Depending on the size, any future acquisitions, joint ventures, capital
expenditures or similar transactions may require significant capital resources
in excess of cash provided by operations, and potentially in excess of cash
available under the revolving credit facility. There can be no assurance that
the Company will be able to obtain the necessary capital under acceptable terms,
from creditors or other sources, that will be sufficient to execute any such
business investment or capital expenditure.



13

FORWARD-LOOKING STATEMENTS

The Private Securities Litigation Act of 1995 (the "Act") provides a safe
harbor for forward-looking statements made by our Company. This document
contains forward-looking statements, including but not limited to Item 2
"Management's Discussion and Analysis of Financial Condition and Results of
Operations". All statements which address operating performance, events or
developments that we expect, plan, believe, hope, wish, forecast, predict,
intend, or anticipate will occur in the future, and other similar meanings or
phrases, are forward-looking statements within the meaning of the Act.

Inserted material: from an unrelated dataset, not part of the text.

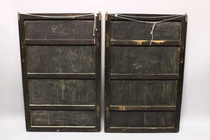 A PAIR OF CHINESE CARVED AND PAINTED HARDWOOD PANELS, depicting dragons each holding the pearl of wisdom amongst stylised clouds, a smaller dragon at the foot of each, 118cm x 76cm.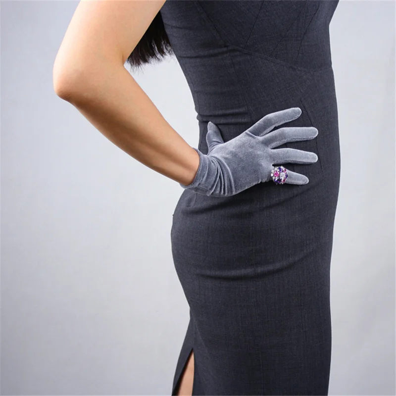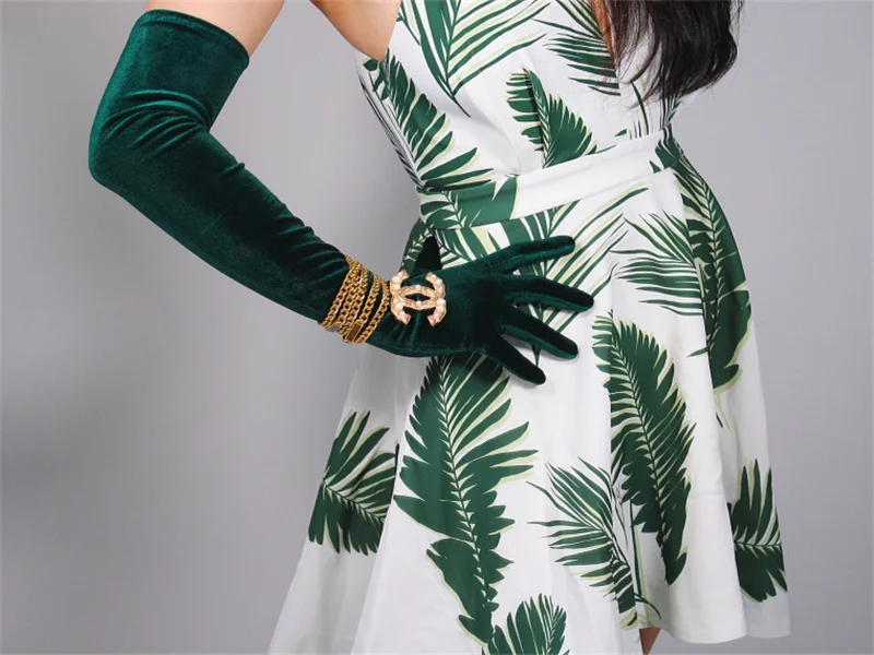 Женские бархатные перчатки 22 см короткие зеленые бархатные Зеленые модели высокие эластичные бархатные золотые бархатные сенсорные перчатки RLS022

The forward-looking statements are based on management's current views and
assumptions regarding future events and operating performance. However, there
are many risk factors, including but not limited to, the Company's substantial
leverage, the Company's ability to service its debt, the general state of the
economy, the Company's ability to execute its plans, fluctuations of energy
prices and availability, fluctuations of raw material prices, competitive
factors, and other risks that could cause the actual results to differ
materially from the estimates or predictions contained in our Company's
forward-looking statements. Additional information concerning the Company's risk
factors is contained from time to time in the Company's public filings with the
SEC; and most recently in the Business Risks section of Item 1 to Part 1 of our
2001 Annual Report on Form 10-K filed with the SEC on April 1, 2002.

The Company's views, estimates, plans and outlook as described within this
document may change subsequent to the release of this statement. The Company is
under no obligation to modify or update any or all of the statements it has made
herein despite any subsequent changes the Company may make in its views,
estimates, plans or outlook for the future.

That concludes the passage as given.